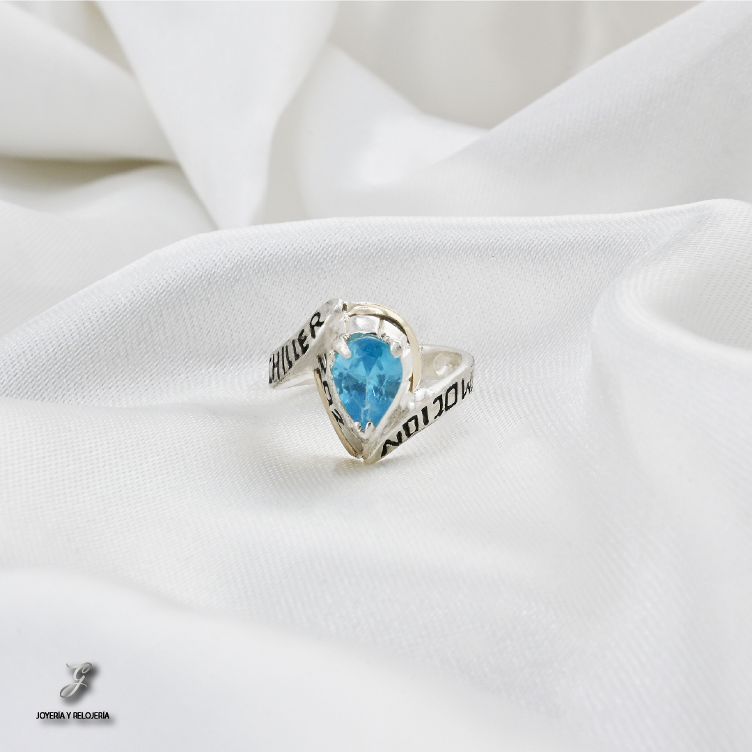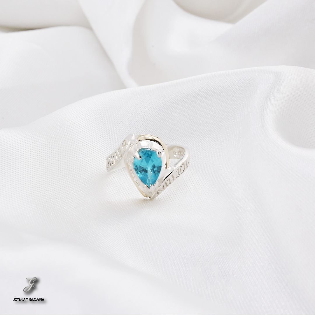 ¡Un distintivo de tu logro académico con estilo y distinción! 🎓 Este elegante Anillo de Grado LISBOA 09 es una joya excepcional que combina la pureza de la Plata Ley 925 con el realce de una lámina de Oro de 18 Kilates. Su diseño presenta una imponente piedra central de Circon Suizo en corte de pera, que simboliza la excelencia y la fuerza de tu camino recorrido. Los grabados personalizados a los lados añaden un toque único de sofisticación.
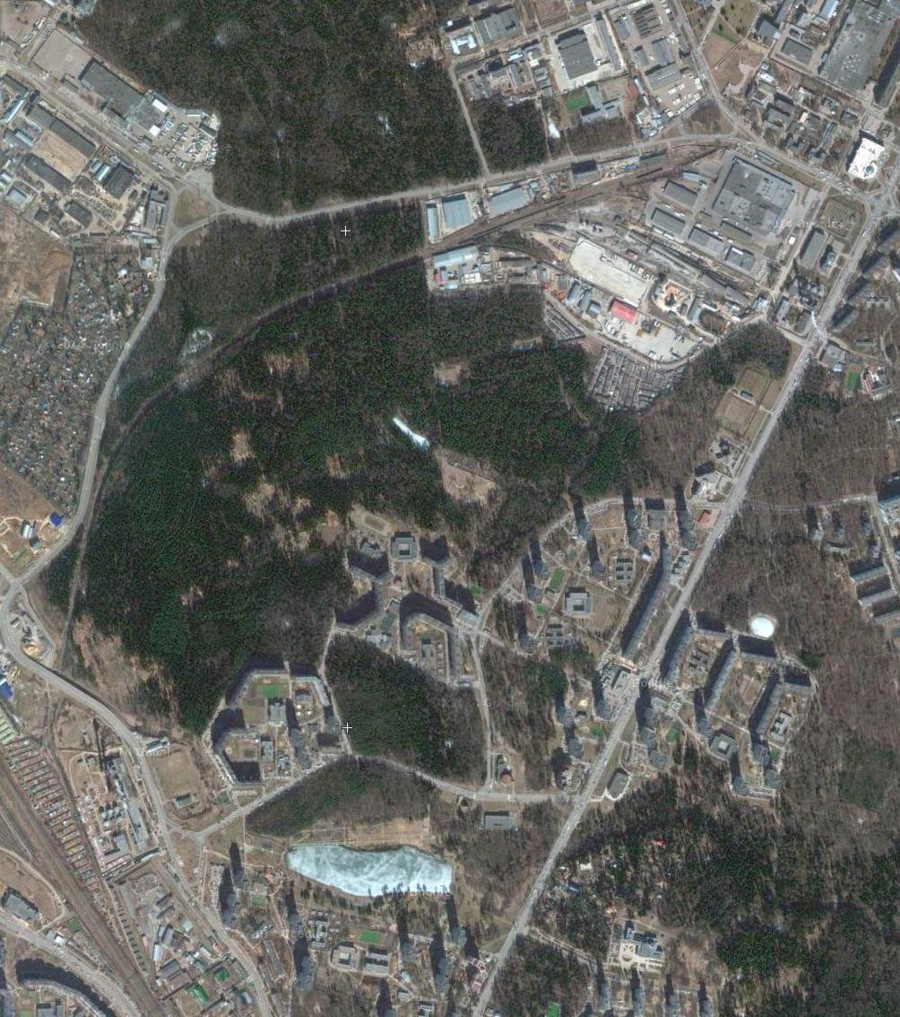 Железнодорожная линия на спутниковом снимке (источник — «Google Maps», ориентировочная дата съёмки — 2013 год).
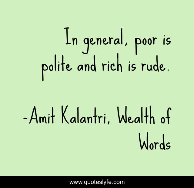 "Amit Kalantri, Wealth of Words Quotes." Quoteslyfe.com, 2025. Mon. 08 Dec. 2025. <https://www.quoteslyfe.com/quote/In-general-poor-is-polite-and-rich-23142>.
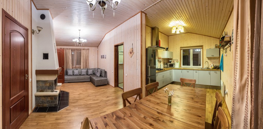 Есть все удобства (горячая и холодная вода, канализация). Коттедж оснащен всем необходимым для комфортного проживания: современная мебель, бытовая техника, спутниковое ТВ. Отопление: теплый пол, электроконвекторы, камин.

+ + + + +

WORK REQUEST —
Copy the listing above in full and exactly, but omit each picture that it holds.

SOLUTION TO THE EXERCISE —
 ¡Un distintivo de tu logro académico con estilo y distinción! 🎓 Este elegante Anillo de Grado LISBOA 09 es una joya excepcional que combina la pureza de la Plata Ley 925 con el realce de una lámina de Oro de 18 Kilates. Su diseño presenta una imponente piedra central de Circon Suizo en corte de pera, que simboliza la excelencia y la fuerza de tu camino recorrido. Los grabados personalizados a los lados añaden un toque único de sofisticación.
 Железнодорожная линия на спутниковом снимке (источник — «Google Maps», ориентировочная дата съёмки — 2013 год).
 "Amit Kalantri, Wealth of Words Quotes." Quoteslyfe.com, 2025. Mon. 08 Dec. 2025. <https://www.quoteslyfe.com/quote/In-general-poor-is-polite-and-rich-23142>.
 Есть все удобства (горячая и холодная вода, канализация). Коттедж оснащен всем необходимым для комфортного проживания: современная мебель, бытовая техника, спутниковое ТВ. Отопление: теплый пол, электроконвекторы, камин.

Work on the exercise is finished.